**RAW DATA**
· · · ·
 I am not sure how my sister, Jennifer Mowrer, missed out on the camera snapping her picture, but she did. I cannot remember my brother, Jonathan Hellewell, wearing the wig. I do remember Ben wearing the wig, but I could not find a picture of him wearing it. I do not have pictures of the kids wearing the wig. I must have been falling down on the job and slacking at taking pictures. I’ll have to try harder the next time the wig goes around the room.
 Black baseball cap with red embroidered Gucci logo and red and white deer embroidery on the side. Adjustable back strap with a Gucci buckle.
· · · ·
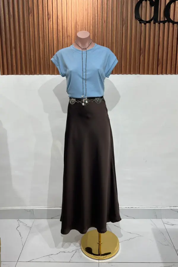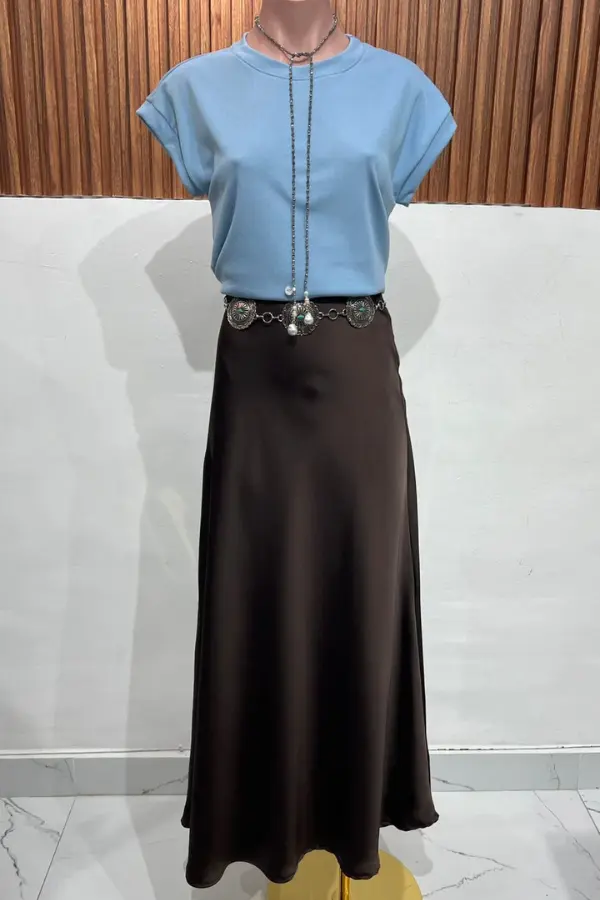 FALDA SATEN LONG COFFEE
· · · ·
**EXERCISE DESCRIPTION**
Where the listing above reaches the line that contains "I am not sure", start retyping, and finish with the line that contains "Black baseball cap"; reproduce those lines exactly and no others.

**TASK SOLUTION**
 I am not sure how my sister, Jennifer Mowrer, missed out on the camera snapping her picture, but she did. I cannot remember my brother, Jonathan Hellewell, wearing the wig. I do remember Ben wearing the wig, but I could not find a picture of him wearing it. I do not have pictures of the kids wearing the wig. I must have been falling down on the job and slacking at taking pictures. I’ll have to try harder the next time the wig goes around the room.
 Black baseball cap with red embroidered Gucci logo and red and white deer embroidery on the side. Adjustable back strap with a Gucci buckle.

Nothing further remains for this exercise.